Rockwell looks at REITs for future projects

Business Mirror
Written by Miguel R. Camus / Reporter 
Sunday, 17 January 2010 19:20 

ROCKWELL Land Corp., the high-end property developer of the Lopez Group, is joining other real estate firms in exploring the Real Estate Investment Trust (REIT) Act as an alternative source of funding.

The REIT Act, which will provide a regulatory and tax incentive framework for developers to raise cash by publicly listing their income generating assets, lapsed into law on December 17.

In an interview last week, First Philippine Holdings Corp. (FPHC) president Elpidio Ibañez said Rockwell Land is studying the transfer of some of its assets into REITs to raise funds instead of tapping the debt and equity markets.

“We are studying the REIT Law,” said Ibañez. “We can raise funding by putting the mall [or income producing] properties to get investors…and use that funding for new developments.”

FPHC now owns 49 percent of Rockwell Land after recently acquiring the 24.5-percent stake owned by Benpres Holdings Corp., another listed Lopez firm, for P1.5 billion.
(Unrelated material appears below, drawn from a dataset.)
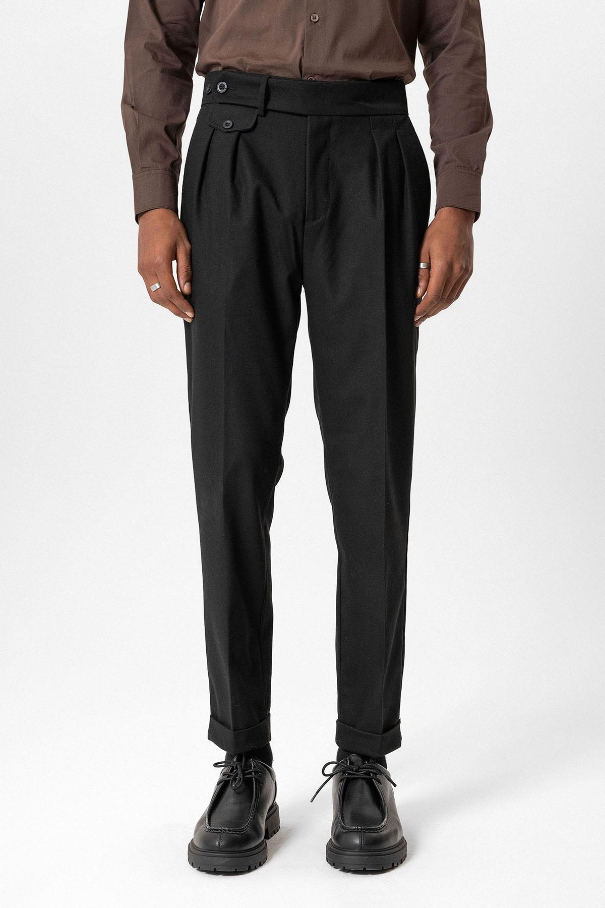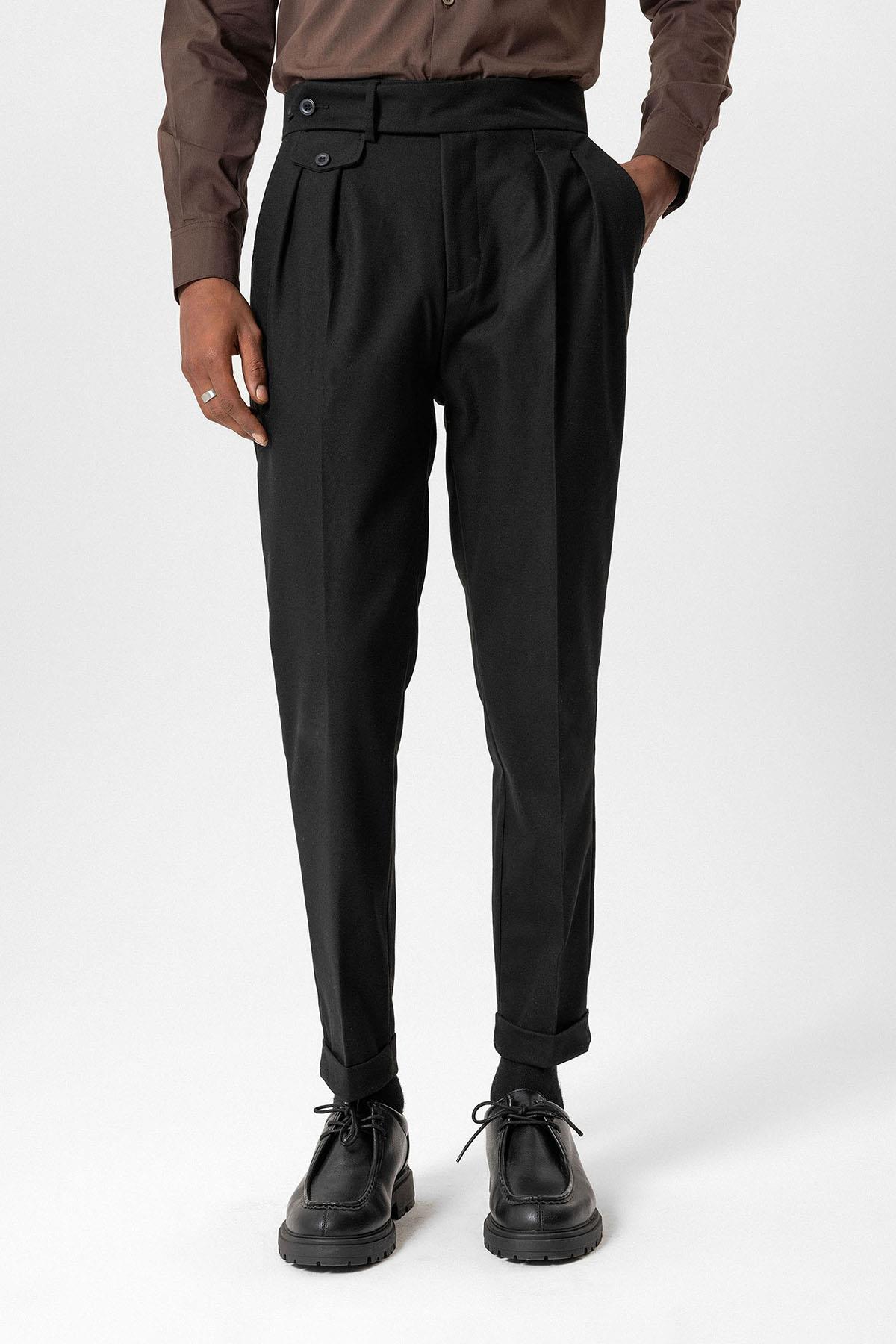 Siyah Yüksek Bel Pileli Teknik Erkek Pantolon

The balance is held by power distributor Manila Electric Co.

Ibañez said some of the assets that can be listed for REITs are Rockwell Land’s Power Plant mall and office buildings within the 15.5 hectare Rockwell Center in Makati City.

Some of the big-name developers that have expressed interest in the REIT Law are the SM Group, Ayala Land Inc. and Robinsons Land Corp.

Shares of REITs are to be listed on and traded at the Philippine Stock Exchange. Individual investors may invest in these firms, allowing companies to raise funds from the REITs. To encourage REITs, the law provides certain tax incentives.

To continue enjoying these incentives, the REIT must maintain its status as a listed company and annually give out at least 90 percent of its distributable income to shareholders.

Meanwhile, Ibañez said Rockwell Land also remains open to proceeding with its initial public offering, though this will depend on the debt market, which remains “cheap and available.”

He added that any fundraising moves will be used for future projects. This, as the firm’s current projects—namely The Grove on C-5 Road in Pasig City and Edades Tower in Makati City—can be funded from operations. 

The company likewise remains bullish this year on the back of strong sales from The Grove. The 5.5-hectare project, estimated to cost between P10 billion and P12 billion, will have a total of six residential towers offering 2,000 units alongside a retail component.

In an earlier interview, Rockwell Land president Nestor Padilla said the first two towers are already 50-percent sold and will be fully taken up by the first half of this year.

Turnover of units for first two towers is expected by 2012. Units range from studio rooms costing about P3 million to larger three-bedroom units for up to P12 million.

Rockwell Land was started in 1995 to redevelop a former power plant site into a new living environment which is now the Rockwell Center. The area has since been turned into a mixed-use community, consisting of five high-rise residential towers, a sports and leisure club, office buildings, a lifestyle shopping center and a graduate school of law, business and government.